Beginning at the age of 15 and continuing for almost two decades, Noble worked aboard schooners and in marine salvage. It was during this time that the artistic bug caught hold and Noble began drawing and painting. In 1928, while on a schooner that was towing out down the Kill van Kull- the tidal strait that separates Staten Island from New Jersey- he saw the old Port Johnston coal docks, “the largest graveyard of wooden sailing vessels in the world”, for the first time. He would later comment that this sight changed his life forever. In 1941, Noble began to build his floating studio out of parts from the vessels he salvaged. Noble would use a rowboat to explore the harbor, taking detailed records of the boats, workmen, and industries that came and went.

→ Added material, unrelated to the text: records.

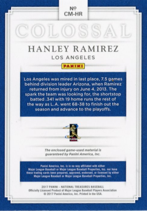 2017 Panini National Treasures Hanley Ramirez#CM-HR - #/99 Colossal Patch Dodgers
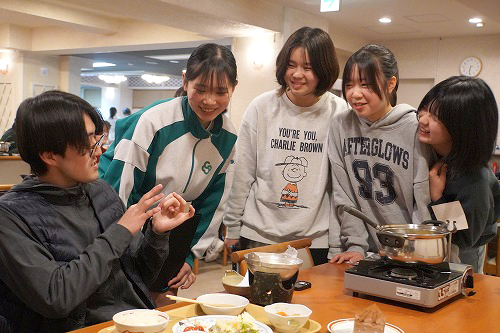 夕食時、うどんの出汁の美味しさに感動した生徒が、料理が得意な教員に成分や分量を質問。研修旅行中でも、普段と変わらないアットホームな雰囲気が感じられる一場面でした。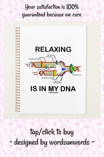 If you love to relax showcase your wry molecular biology attitude with this planner featuring DNA replication along with the saying "Relaxing Is In My DNA". Memorable geek humor scientific saying planner for anyone who likes to relax all the time! myMolecularBiology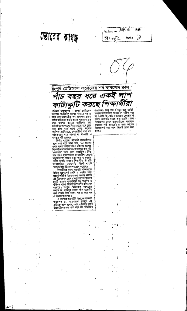 পাঁচ বছর ধরে একই লাশ কাটাকুটি করছে শিক্ষার্থীরা Published on Newspaper দৈনিক ভোরের কাগজ Category Professional Education Professional Education Medical Download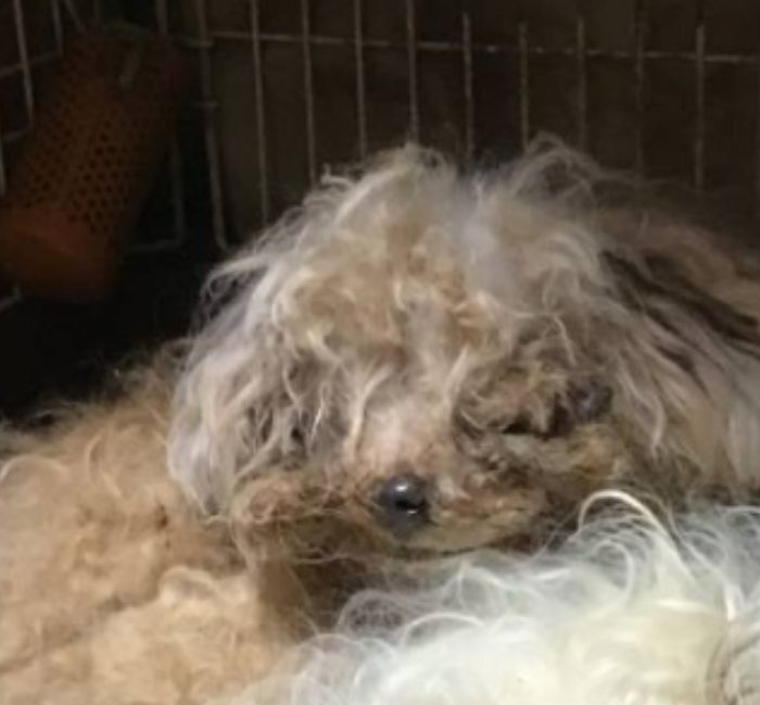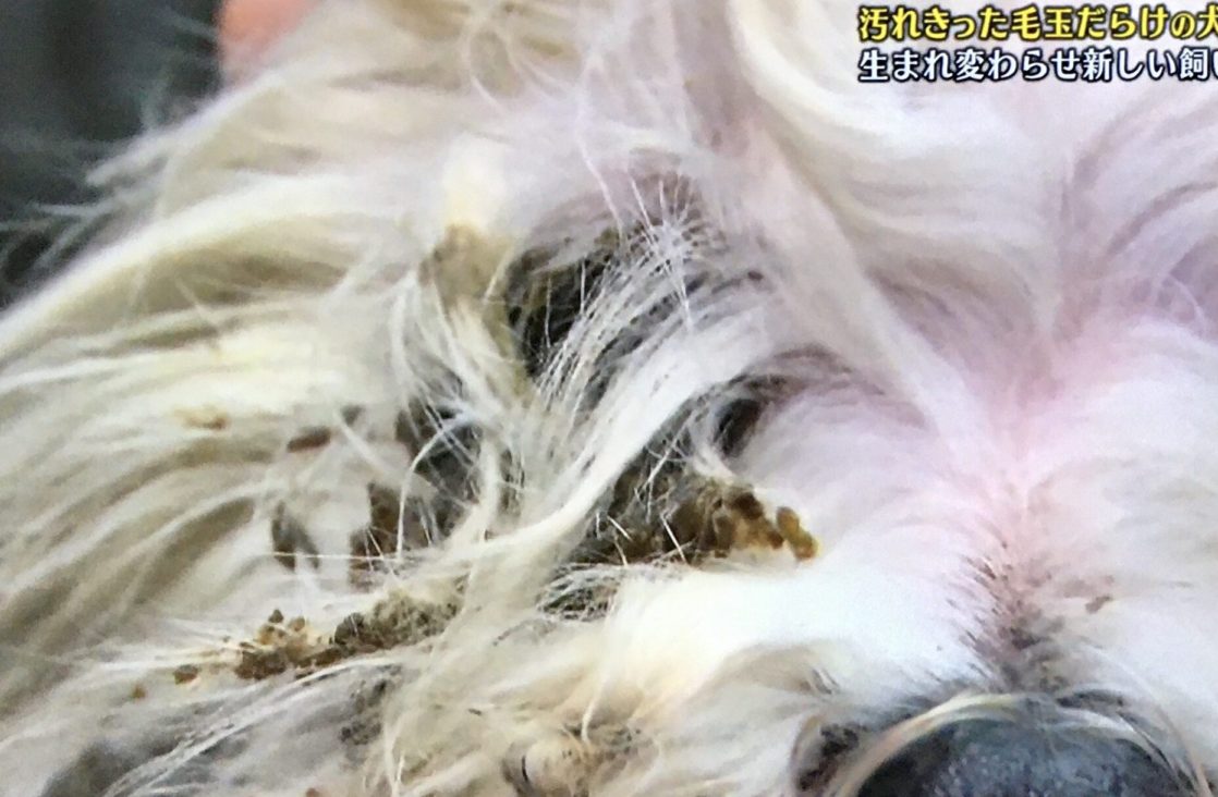保護犬の状態はとてもひどく、相葉さんに早朝からお越しいただき、長い時間をかけてトリミングしてもらいましたが、その後すぐに、動物病院に連れて行き、血液検査、レントゲン、エコー等々すべて検査した結果、心臓の雑音がひどく心臓病と思われ、以来、4日ごとの経過観察で病院に通っています。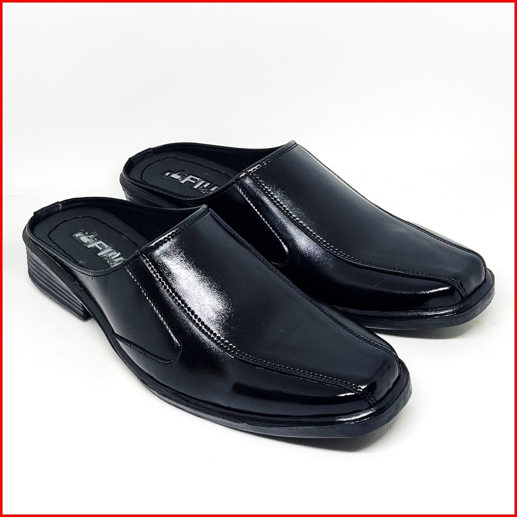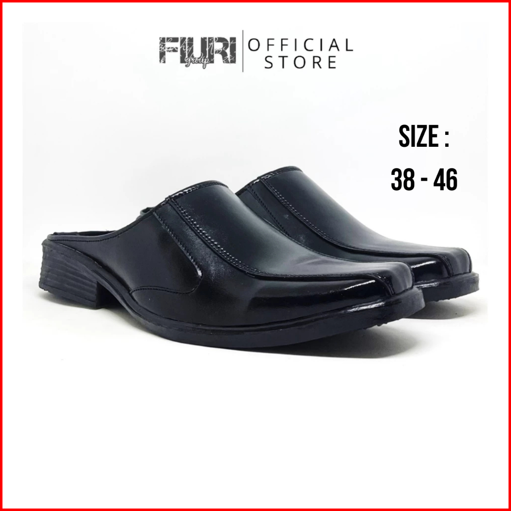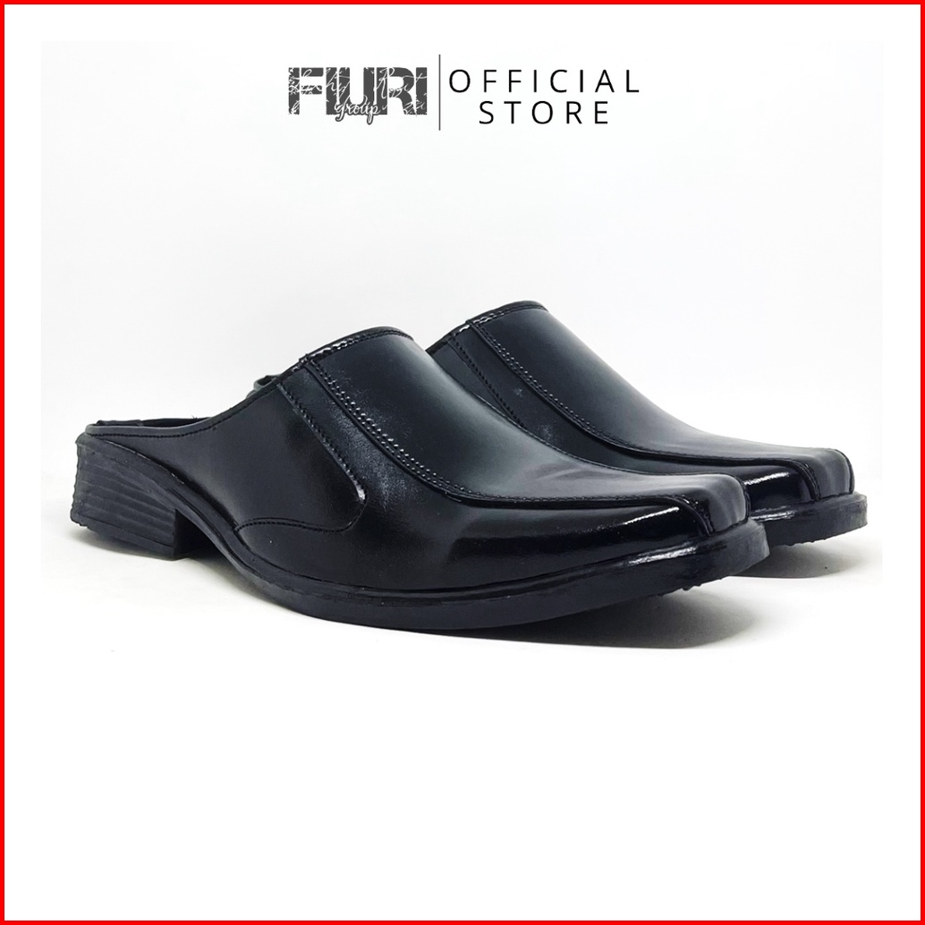 Fiuri - Luki 38-46 - Sepatu Pantofel Selop Bustong Slip On Kerja Kantor Formal Pria - Hitam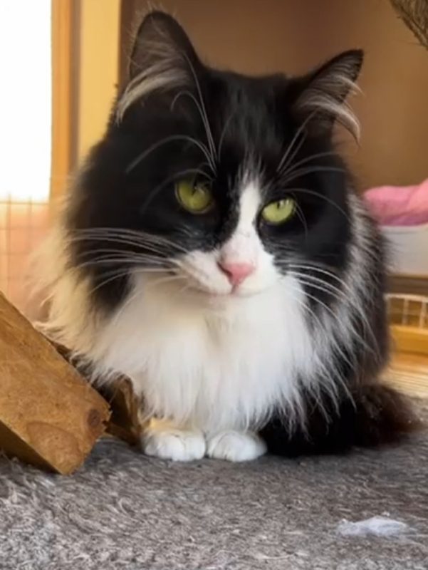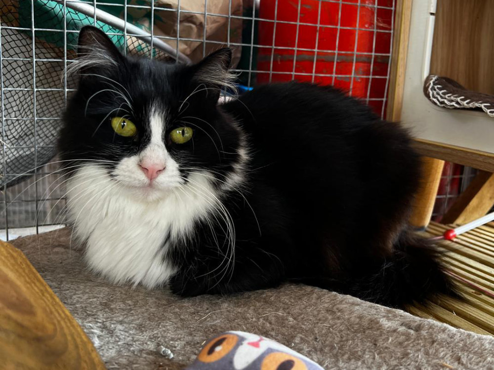 I’m 6 years old and I once lived in the Birmingham area. I came into rescue in April 2023 with my friends Oreo and Tasha. When I first arrived, I was very timid and spent a lot of time hiding while I figured things out. The world felt a bit scary back then.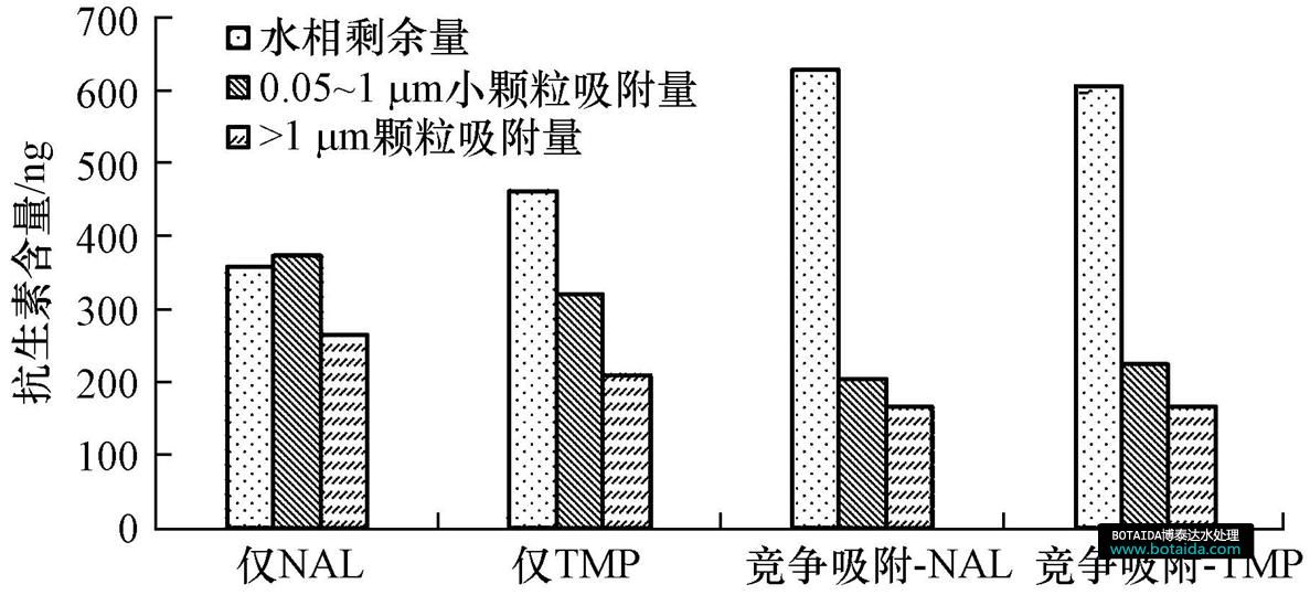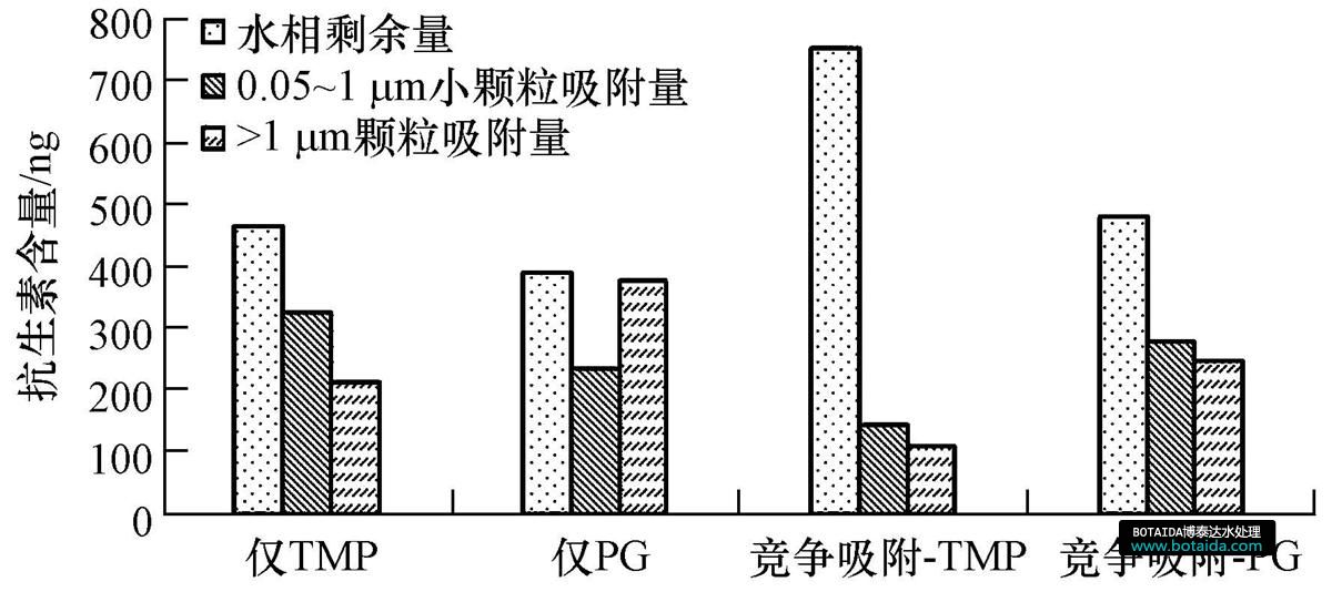 整體上,甲氧芐啶與青霉素G二者互相抑制,青霉素G對甲氧芐啶的抑制作用更明顯,特別是對于大顆粒吸附能力來說.但是,甲氧芐啶的存在卻增強(qiáng)了小顆粒對青霉素G的吸附能力.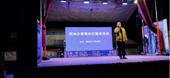 团洲乡人大主席周文华亲历送戏下乡现场,结合典型案例,为群众讲解毒品的种类、毒品的危害及相关法律法规等,进一步增强群众防毒拒毒意识。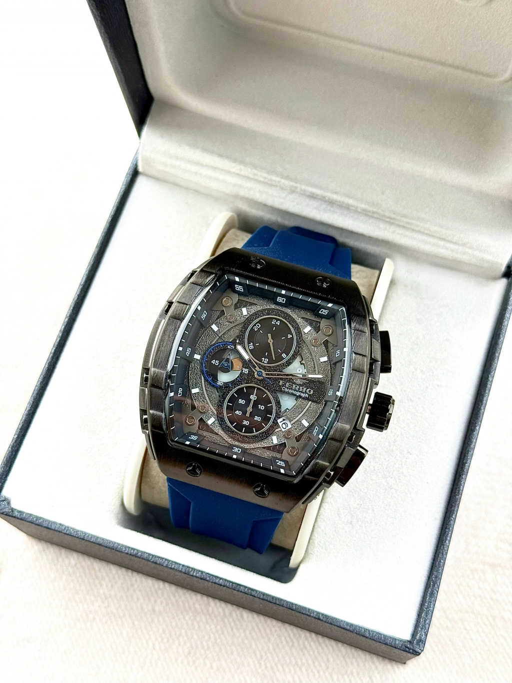 FERRO Ferro Lacivert Silikon Kordon Erkek Kol Saati FM31346D-ZA2 Fonksiyonları Aktif 3 ATM Su Geçirmez — Işıltılı Stil, Zarif Dokunuş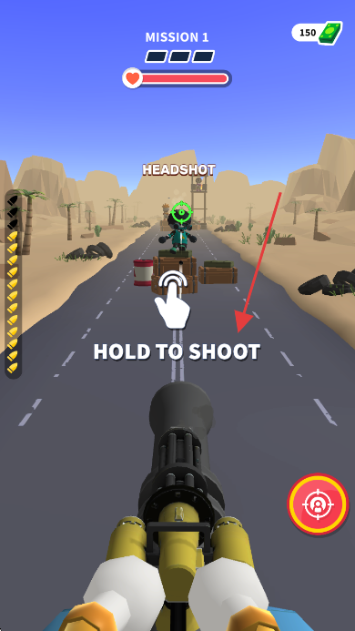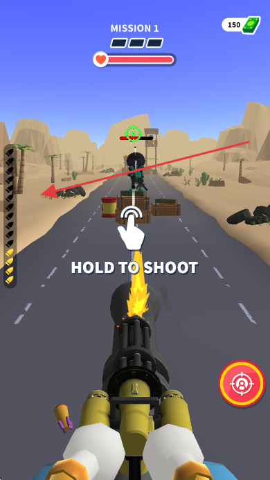 2、在MISSION1中,按住屏幕射擊,消滅道路前方的敵人。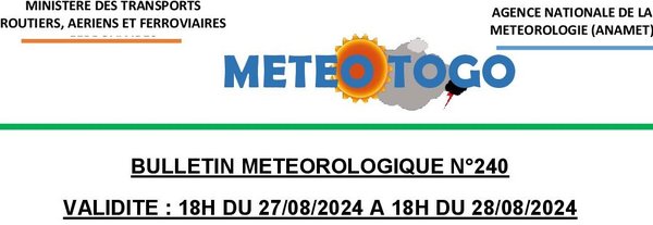 - Dans la journée de demain, Le ciel sera nuageux sur l’ensemble du pays avec des pluies faibles localisées dans la Maritime et les Plateaux.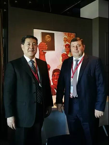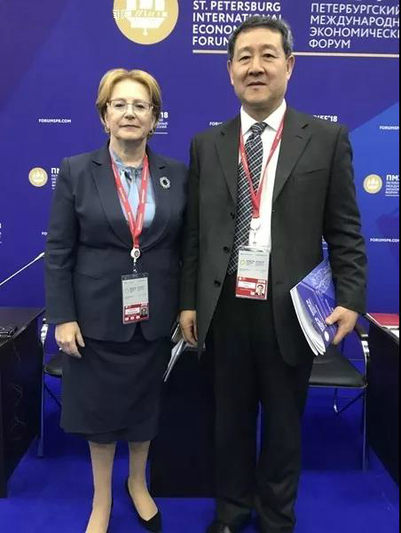 杨校长与俄罗斯卫生部部长合影 杨丹/摄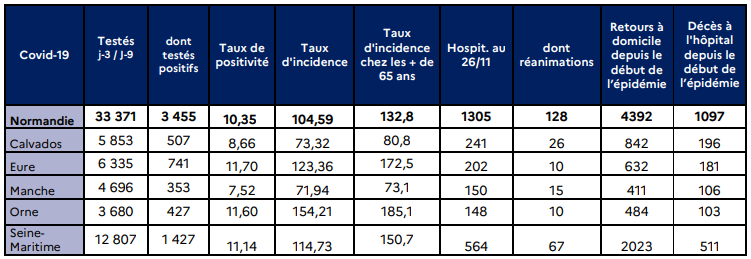 Dans le même temps, le ralentissement du nombre d'entrées en hospitalisation conventionnelle et en réanimation se poursuit. Néanmoins, insiste l'ARS, la pression sur le système de santé et sur les hôpitaux reste forte : 1305 personnes sont hospitalisées (contre 1369 le 23 novembre), dont 128 en réanimation (contre 148 à la même date). Des disparités départementales persistent.

Despite his artistic provenance and critical praise of his work, Noble always remained intimate with the people of the coal docks. “I’m with factory people, industrial people, the immigrants, the sons of immigrants. It gives life to it,” he stated. Late in his life, Noble recalled his first compelling views of New York Harbor. “I was crossing the 134th Street Bridge on the Harlem River on a spring day in 1928, and I was so shocked--it changed my life. I was frozen on that bridge, because both east and west of the bridge were sailing vessels. And I thought sailing vessels, you know, were gone... There it was, and I couldn’t eat, or anything; I was so excited.” By the time of his death in the Spring of 1983 - shortly after the passing of his beloved Susan - the sailing vessels he loved were all gone, and the maritime industry in the area had diminished significantly.

Arader Galleries is proud to present John A. Noble’s Dying in the English Kills, Man & Mast #2 (Brooklyn). This exquisite lithograph portrays a mariner atop the mast on a sailing vessel navigating the English Kills, a tributary along the Newport Creek separating Brooklyn and Queens.